Required action => Your copy should start at the line with "أعلنت منظمة الأمم" and end at the line with "除了青銅器外,商周時期的玉器" in the data below. Transcribe only those lines, exactly, pictures excluded.

Records for processing =>
-=-=-=-=-

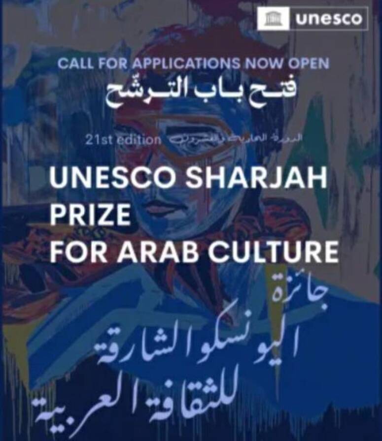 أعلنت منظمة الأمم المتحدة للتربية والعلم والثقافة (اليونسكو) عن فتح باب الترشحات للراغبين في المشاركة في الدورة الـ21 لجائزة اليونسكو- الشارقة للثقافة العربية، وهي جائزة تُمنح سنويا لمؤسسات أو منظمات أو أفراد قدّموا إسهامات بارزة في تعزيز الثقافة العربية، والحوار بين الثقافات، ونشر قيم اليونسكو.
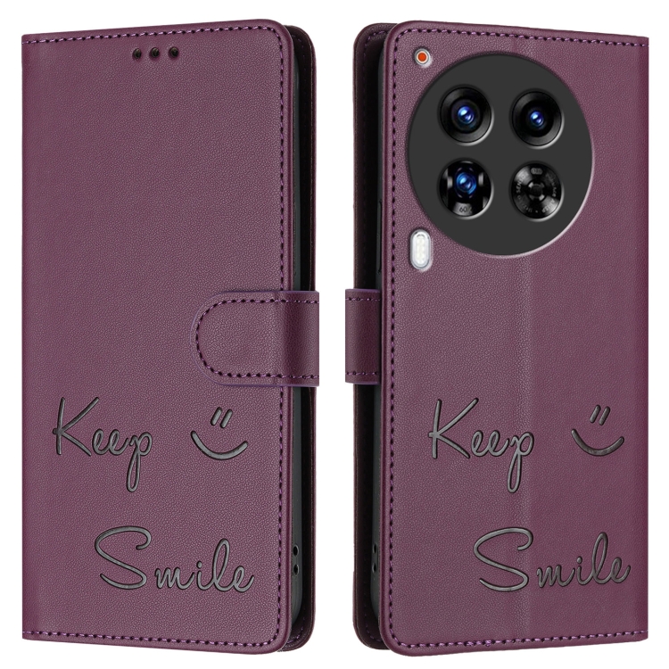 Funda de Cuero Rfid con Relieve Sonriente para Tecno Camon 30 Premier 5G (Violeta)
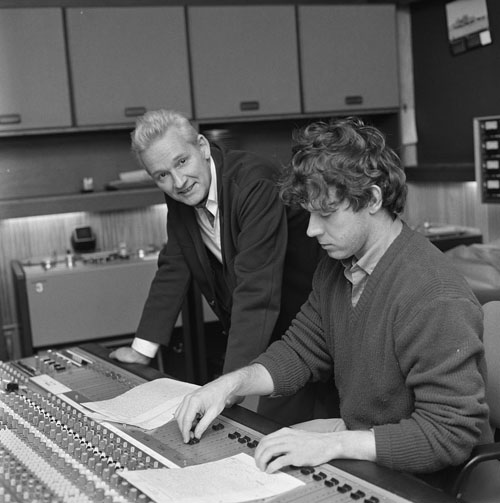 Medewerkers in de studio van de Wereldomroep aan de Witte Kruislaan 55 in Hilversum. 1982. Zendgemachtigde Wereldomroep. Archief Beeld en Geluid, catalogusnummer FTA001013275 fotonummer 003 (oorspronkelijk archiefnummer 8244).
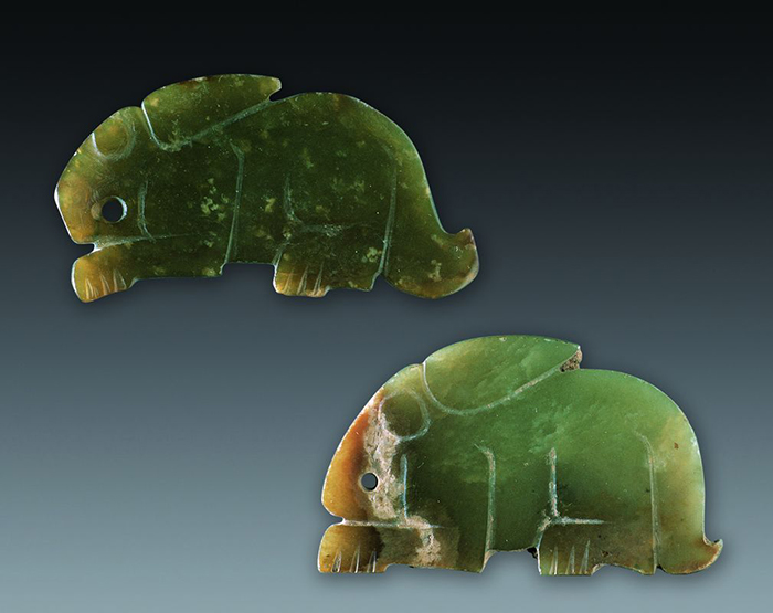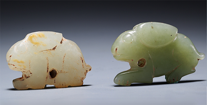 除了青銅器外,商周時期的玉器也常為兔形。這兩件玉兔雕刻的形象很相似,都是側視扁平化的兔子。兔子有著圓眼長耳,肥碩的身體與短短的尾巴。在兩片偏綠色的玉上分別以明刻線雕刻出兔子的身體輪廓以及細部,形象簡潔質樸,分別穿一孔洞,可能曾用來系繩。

-=-=-=-=-

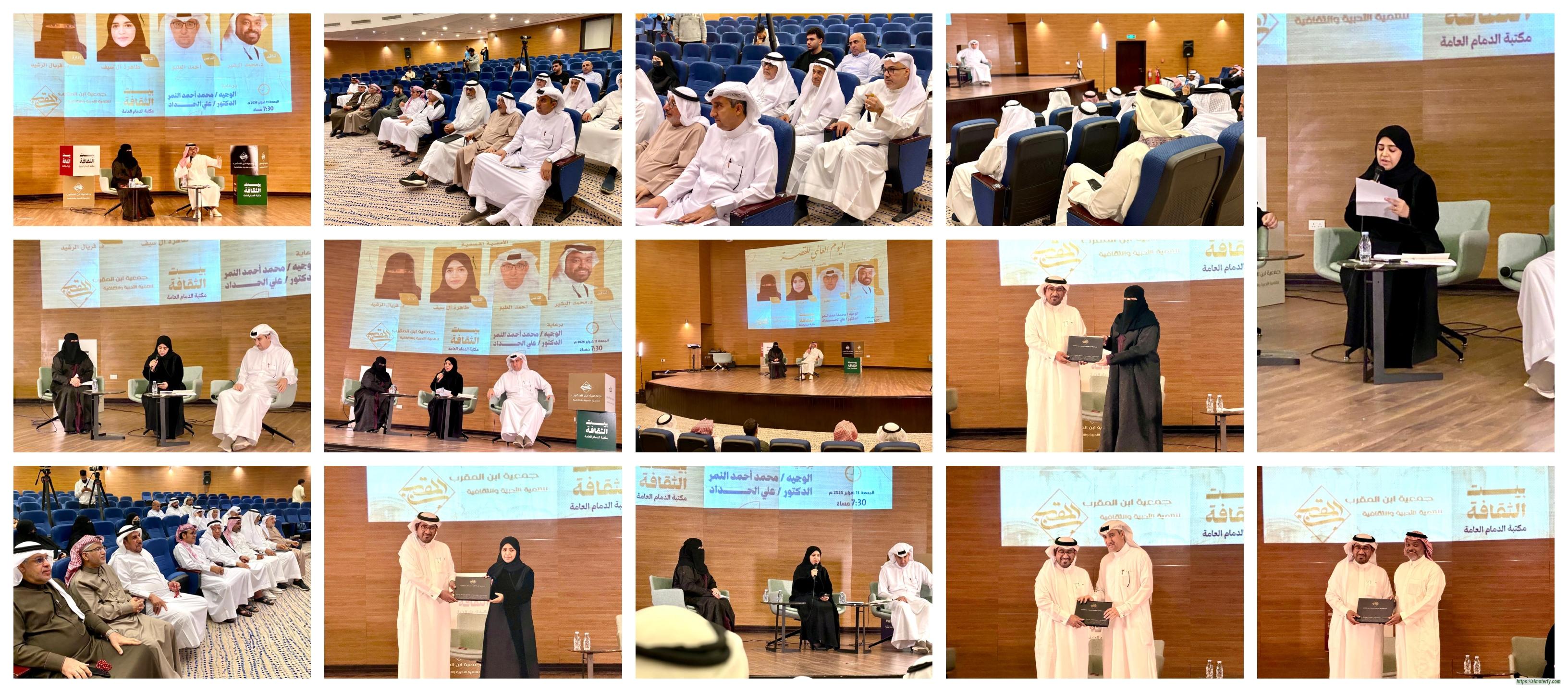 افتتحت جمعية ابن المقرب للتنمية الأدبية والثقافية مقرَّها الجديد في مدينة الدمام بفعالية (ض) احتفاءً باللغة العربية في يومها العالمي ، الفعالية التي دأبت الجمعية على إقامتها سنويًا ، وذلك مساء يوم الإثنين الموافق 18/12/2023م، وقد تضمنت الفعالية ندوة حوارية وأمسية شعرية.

-=-=-=-=-

Task response =>
 أعلنت منظمة الأمم المتحدة للتربية والعلم والثقافة (اليونسكو) عن فتح باب الترشحات للراغبين في المشاركة في الدورة الـ21 لجائزة اليونسكو- الشارقة للثقافة العربية، وهي جائزة تُمنح سنويا لمؤسسات أو منظمات أو أفراد قدّموا إسهامات بارزة في تعزيز الثقافة العربية، والحوار بين الثقافات، ونشر قيم اليونسكو.
 Funda de Cuero Rfid con Relieve Sonriente para Tecno Camon 30 Premier 5G (Violeta)
 Medewerkers in de studio van de Wereldomroep aan de Witte Kruislaan 55 in Hilversum. 1982. Zendgemachtigde Wereldomroep. Archief Beeld en Geluid, catalogusnummer FTA001013275 fotonummer 003 (oorspronkelijk archiefnummer 8244).
 除了青銅器外,商周時期的玉器也常為兔形。這兩件玉兔雕刻的形象很相似,都是側視扁平化的兔子。兔子有著圓眼長耳,肥碩的身體與短短的尾巴。在兩片偏綠色的玉上分別以明刻線雕刻出兔子的身體輪廓以及細部,形象簡潔質樸,分別穿一孔洞,可能曾用來系繩。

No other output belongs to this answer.